In the end, Billi too decides to share the burden. She decides not to tell Nai Nai the truth, and says an emotional goodbye that only one of them realizes will be the last. Billi returns to bustling New York, walking the busy street alone and holding back tears, a stranger among the uncaring crowd. It has all the makings of a soul-crushing ending. But then, a wry smile. Billi thinks back to Nai Nai and her goofy exercise routine, one she was happy to teach Billi while she was visiting.

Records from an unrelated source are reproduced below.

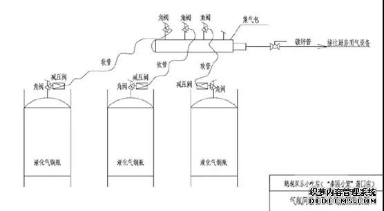 氣瓶間南北向寬3.5米,東西向長6米。沿北墻由西向東依次放置冰箱一臺、50Kg空瓶5只(編號為1#、2#、3#、4#、8#);沿南墻由西向東依次設置油水分離器一套、冰箱一臺、50Kg液化石油氣鋼瓶3只(編號由南向北依次9#、6#、7#)。9#、6#、7#鋼瓶中的液化石油氣通過調壓閥、燃氣橡膠軟管連接至集氣包,由集氣包向二樓廚房間送氣。
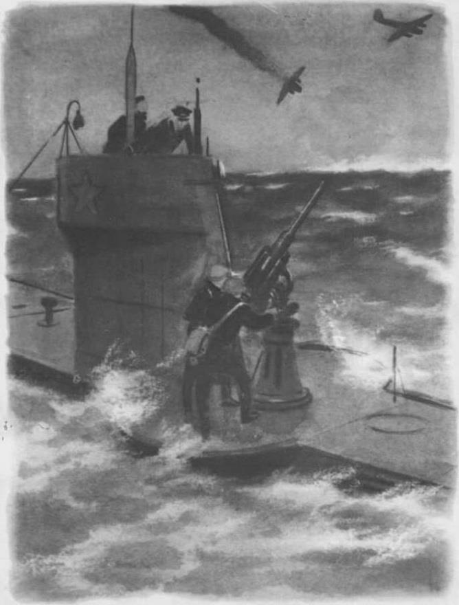«Лодка поднялась на поверхность моря. А в небе кружили два фашистских самолета. Фашисты стали бросать в лодку бомбы и стрелять из пулемётов. Наши подводники бросились к зенитной пушке. Снаряд попал в самолёт. Загорелся вражеский самолёт и упал в море. А другой самолёт улетел. Лодка погрузилась в морскую глубину».
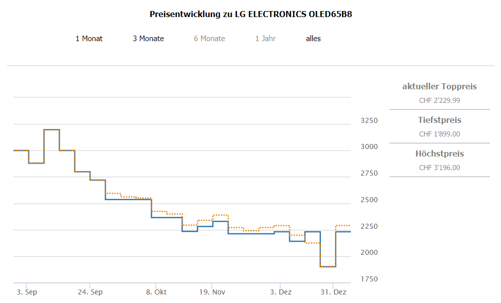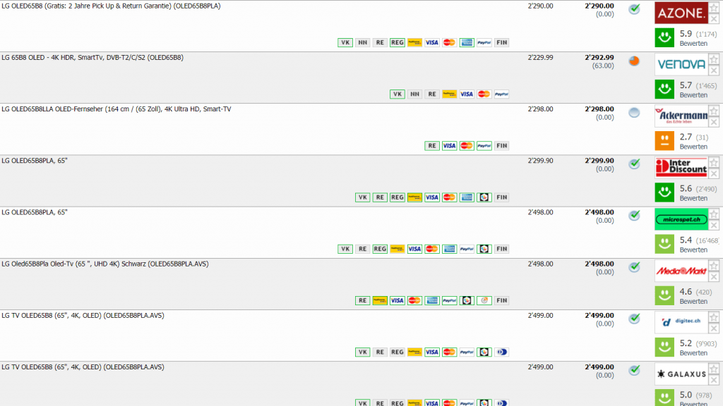 Bei microspot gibt’s gerade den LG OLED65B87LC 65″ Fernseher für CHF 1’799.- Zweitbester Preis in der Schweiz ist bei CHF 2’229.99, bisheriger Bestpreis war bei CHF 1’899.- laut toppreise.

And right there on the street, Billi breaks out Nai Nai’s routine, echoing her joy. We fade to black, and a final credit rolls - the real Nai Nai, Wang’s grandmother, the woman on which this incredible true story is based, is alive and well. More incredibly, the secret is still safe.

Gray and Wang have both crafted mesmerizing stories of familial burden, and above all else the love that drives us to withstand it. Although Roy and Billi have little in common, they have both experienced the pain of emotional repression and the relief to be found in confiding it in the ones who care about them and can understand. If nothing else, we can glean from these movies an appreciation for emotional vulnerability. Pain doesn’t need to be private - it’s only human, and we can always lean on each other for help. As Roy tells us, we’re all we got.